> _Exercise requirements_
Please copy the data below exactly; none of the pictures in it belong in the copy.

> _Data segment_

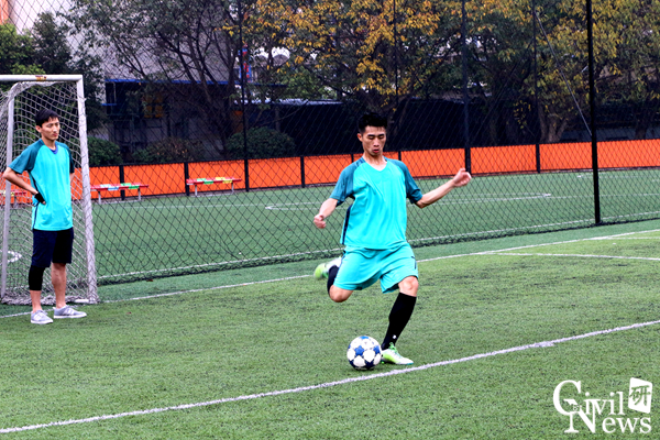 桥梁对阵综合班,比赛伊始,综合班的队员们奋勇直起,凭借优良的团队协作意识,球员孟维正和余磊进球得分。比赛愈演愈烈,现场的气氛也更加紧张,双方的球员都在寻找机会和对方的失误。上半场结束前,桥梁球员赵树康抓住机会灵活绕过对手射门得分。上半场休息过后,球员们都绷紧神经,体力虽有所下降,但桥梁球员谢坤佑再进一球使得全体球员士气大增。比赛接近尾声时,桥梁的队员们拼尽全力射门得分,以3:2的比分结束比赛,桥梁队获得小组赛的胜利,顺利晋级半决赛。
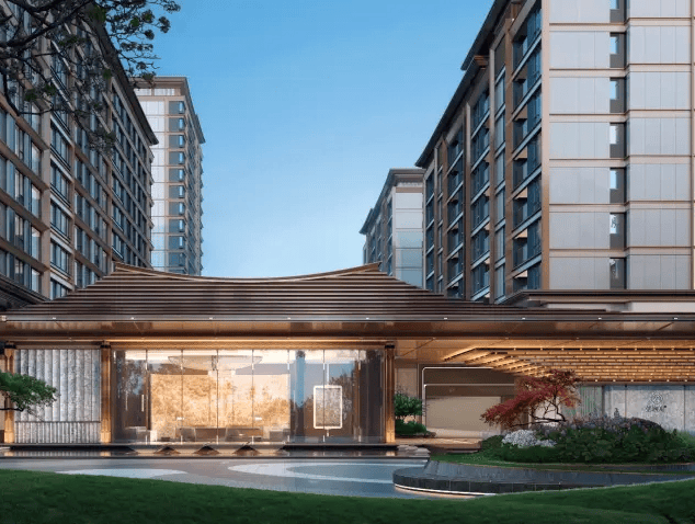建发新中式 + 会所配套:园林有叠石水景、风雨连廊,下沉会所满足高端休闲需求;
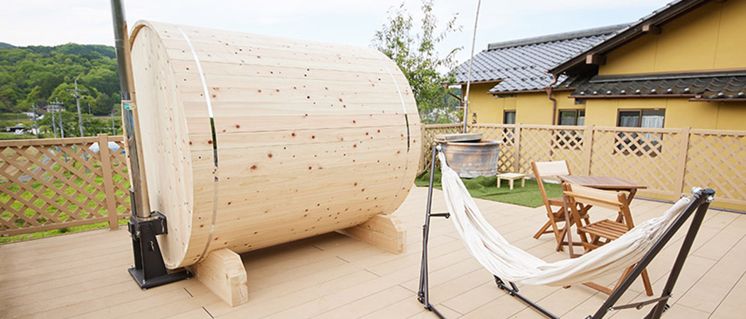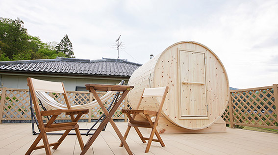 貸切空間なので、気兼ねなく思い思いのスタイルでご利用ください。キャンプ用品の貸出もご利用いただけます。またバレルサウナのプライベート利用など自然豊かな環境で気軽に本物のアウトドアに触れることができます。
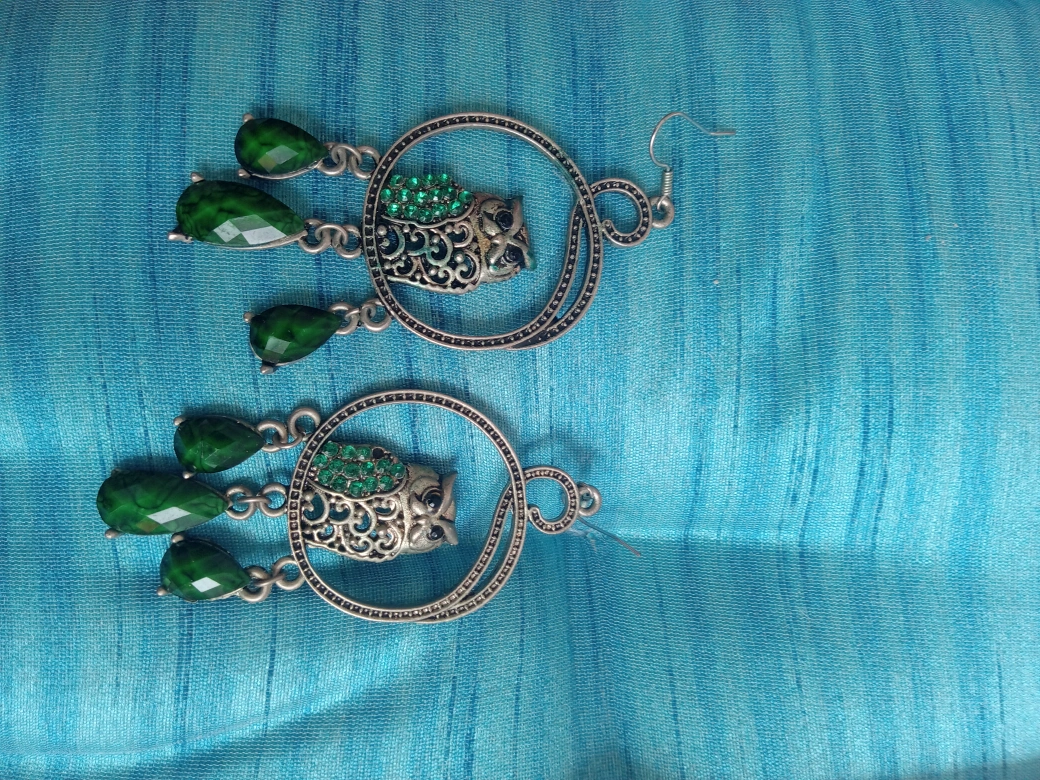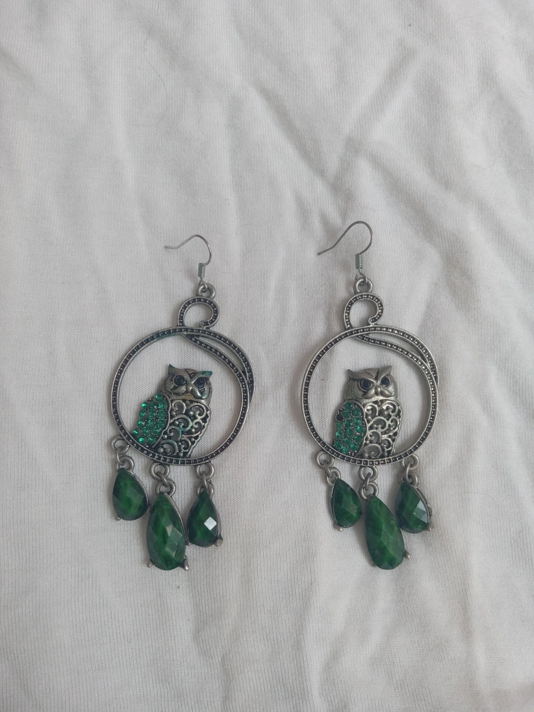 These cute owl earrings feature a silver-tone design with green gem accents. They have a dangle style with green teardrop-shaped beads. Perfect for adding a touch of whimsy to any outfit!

> _Result_
 桥梁对阵综合班,比赛伊始,综合班的队员们奋勇直起,凭借优良的团队协作意识,球员孟维正和余磊进球得分。比赛愈演愈烈,现场的气氛也更加紧张,双方的球员都在寻找机会和对方的失误。上半场结束前,桥梁球员赵树康抓住机会灵活绕过对手射门得分。上半场休息过后,球员们都绷紧神经,体力虽有所下降,但桥梁球员谢坤佑再进一球使得全体球员士气大增。比赛接近尾声时,桥梁的队员们拼尽全力射门得分,以3:2的比分结束比赛,桥梁队获得小组赛的胜利,顺利晋级半决赛。
建发新中式 + 会所配套:园林有叠石水景、风雨连廊,下沉会所满足高端休闲需求;
 貸切空間なので、気兼ねなく思い思いのスタイルでご利用ください。キャンプ用品の貸出もご利用いただけます。またバレルサウナのプライベート利用など自然豊かな環境で気軽に本物のアウトドアに触れることができます。
 These cute owl earrings feature a silver-tone design with green gem accents. They have a dangle style with green teardrop-shaped beads. Perfect for adding a touch of whimsy to any outfit!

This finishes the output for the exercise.